Tensorflow (originally has been developed with 1.3 but should work for later versions as well).
We have performed experiments on Maxwell Titan X GPU. We assume 12GB of GPU memory.
See requirements.txt for the required python packages and run pip install -r requirements.txt to install them.

Pre-processing

Before training the model, we first have to download the CLEVR dataset and extract features for the images:

Dataset

To download and unpack the data, run the following commands, where * is v1.0 for regular CLEVR dataset and action for action-based CLEVR dataset. Use the following code to download CLEVR dataset and prepare it for training:

wget https://s3-us-west-1.amazonaws.com/clevr/CLEVR_*.zip
unzip CLEVR_*.zip
mv CLEVR_* CLEVR_v1
mkdir CLEVR_v1/data
mv CLEVR_v1/questions/* CLEVR_v1/data/

You can find action-based data here: ... dropbox link The final command moves the dataset questions into the data directory, where we will put all the data files we use during training.

Feature extraction

Extract ResNet-101 features for the CLEVR train, val, and test images with the following commands: To extract data for intraActionCell, use argument --mode action_sep. To extract data for stacked images, use argument --mode stack_action.

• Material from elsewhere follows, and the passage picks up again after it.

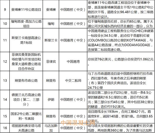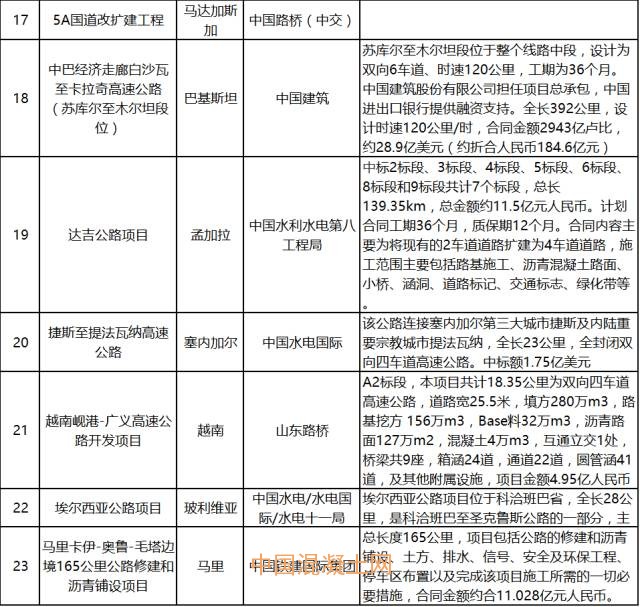 下面則是小編收集的中國在近幾年一帶一路建設中承包的主要高速與公路項目: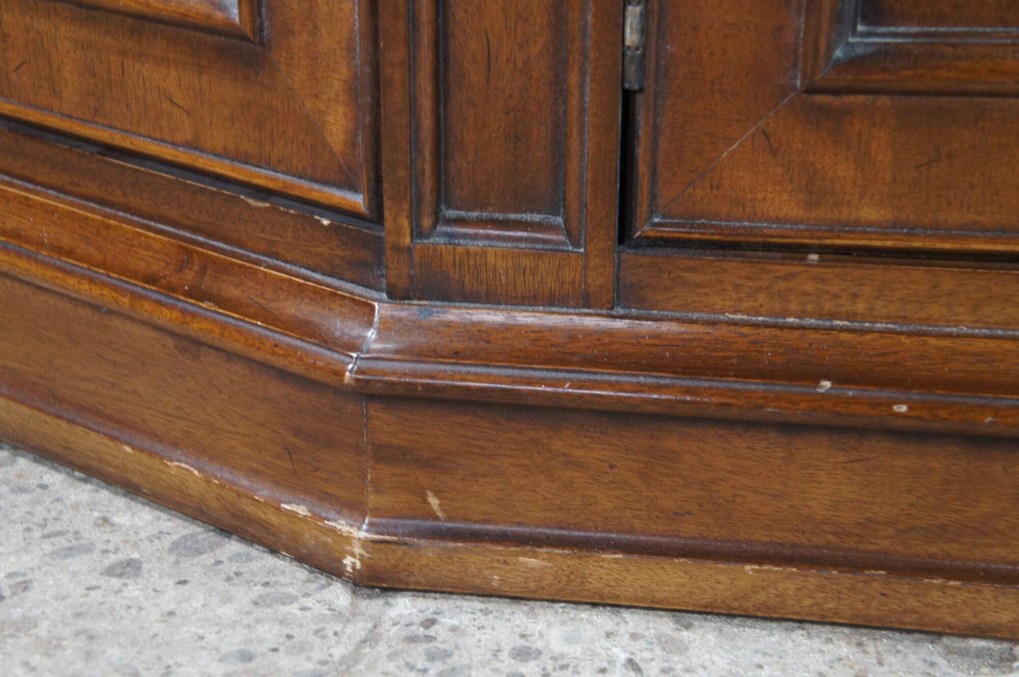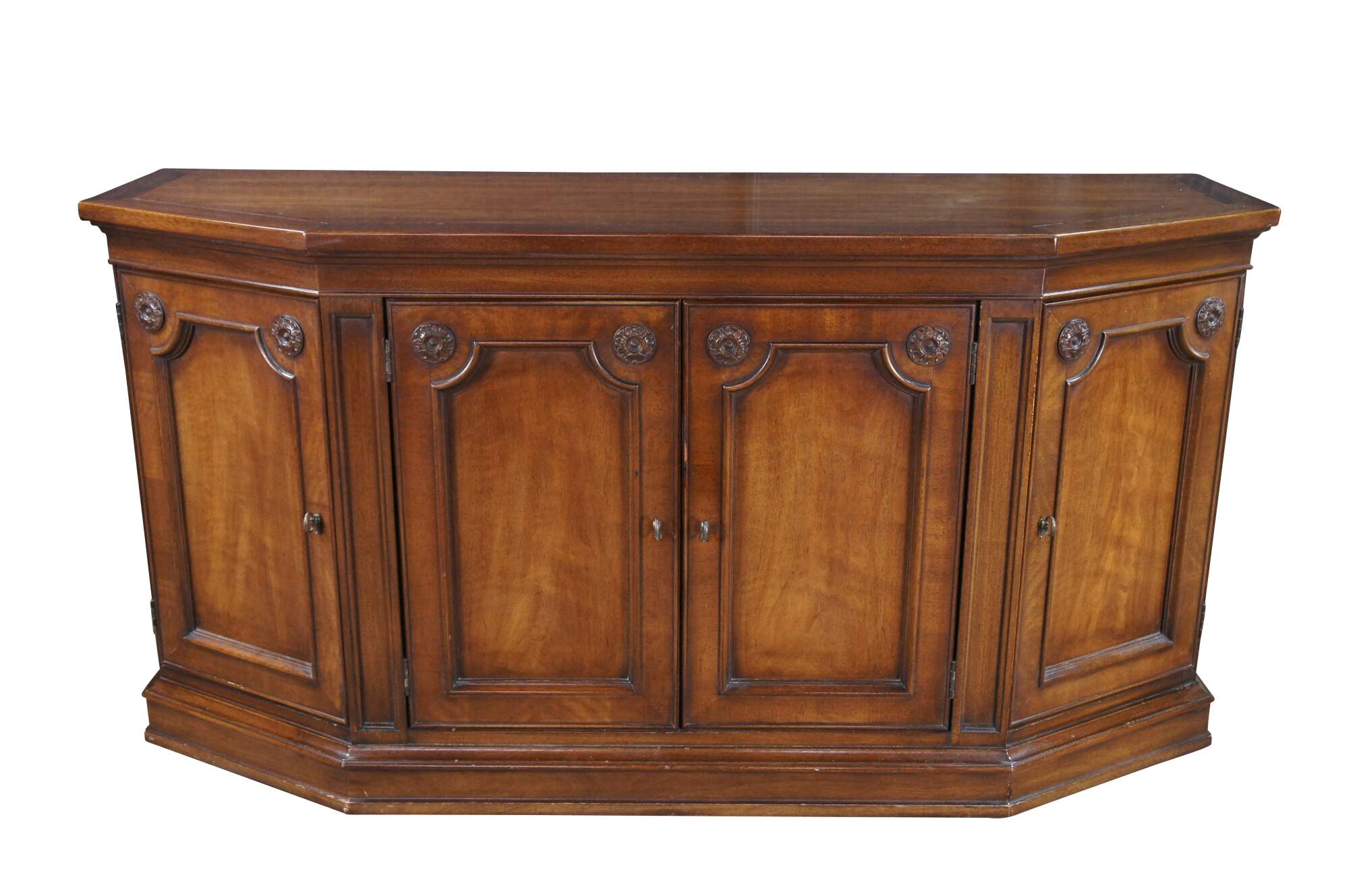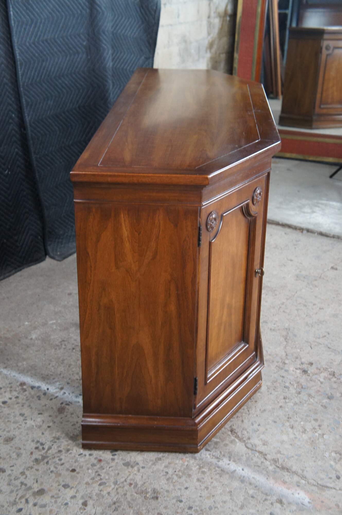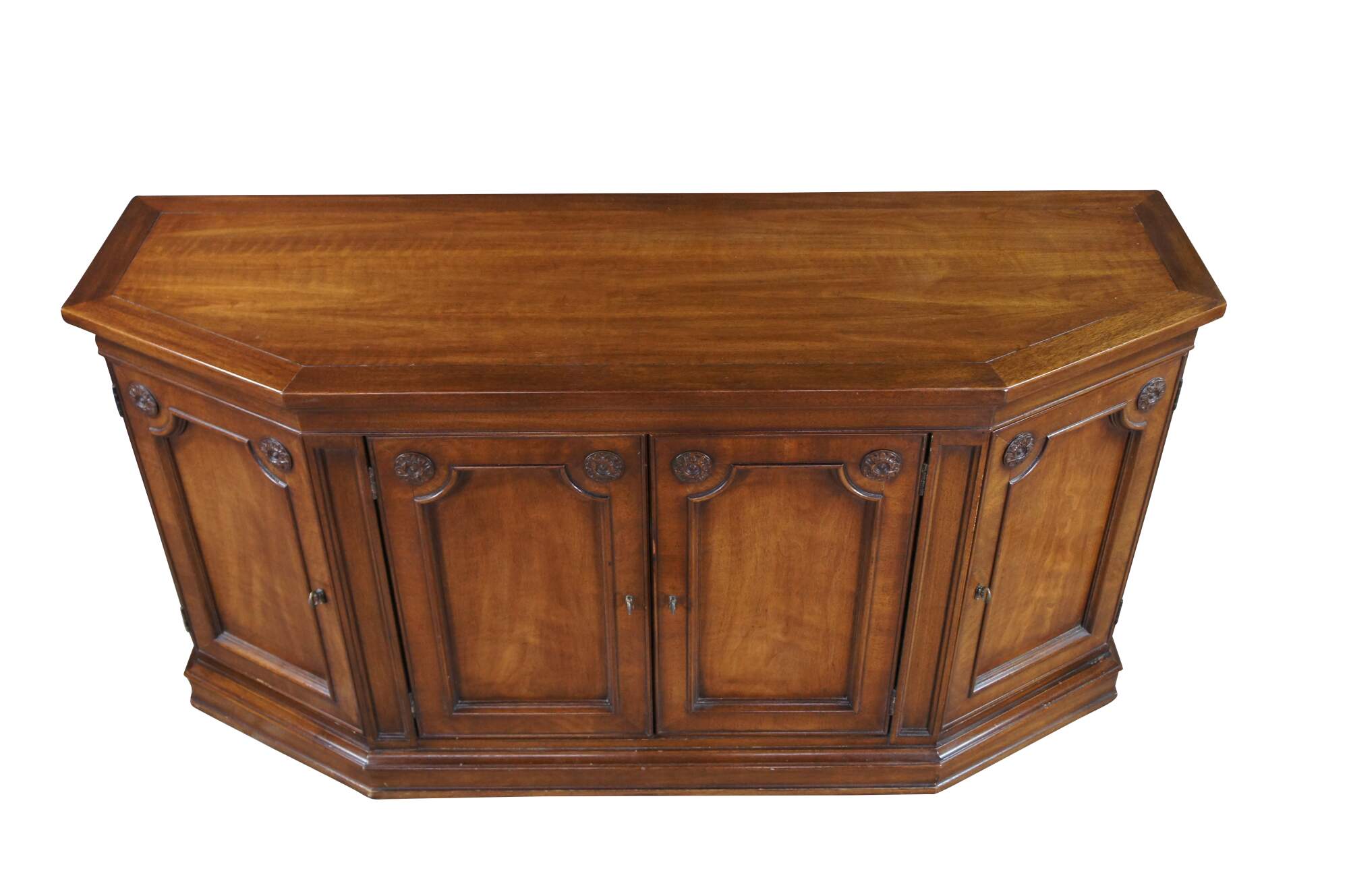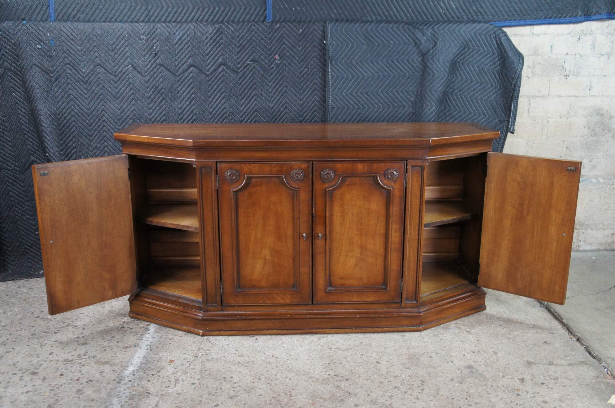 Vintage White Furniture Company Italian Provincial / Regency Style Credenza or Sever, Circa 1970s. Features a rectangular form made from walnut with canted front opening to a central compartment with three dovetailed drawers flanked by outer cabinets with shelf. Uppermost drawer includes silverware cloth. Door fronts have window like molding with neoclassical embelishments along the top corners. Marked 40-6 along the back side.

python extract_features.py --input_image_dir CLEVR_v1/images/train --output_h5_file CLEVR_v1/data/train.h5
python extract_features.py --input_image_dir CLEVR_v1/images/val --output_h5_file CLEVR_v1/data/val.h5
python extract_features.py --input_image_dir CLEVR_v1/images/test --output_h5_file CLEVR_v1/data/test.h5

Regular CLEVR Dataset

Training

To train the model, run the following command:

python main.py --expName "clevrExperiment" --train --testedNum 10000 --epochs 25 --netLength 16 @configs/args.txt

First, the program preprocesses the CLEVR questions. It tokenizes them and maps them to integers to prepare them for the network. It then stores a JSON with that information about them as well as word-to-integer dictionaries in the ./CLEVR_v1/data directory.

Then, the program trains the model. Weights are saved by default to ./weights/{expName} and statistics about the training are collected in ./results/{expName}, where expName is the name we choose to give to the current experiment.

Notes

The number of examples used for training and evaluation can be set by --trainedNum and --testedNum respectively.
You can use the -r flag to restore and continue training a previously pre-trained model.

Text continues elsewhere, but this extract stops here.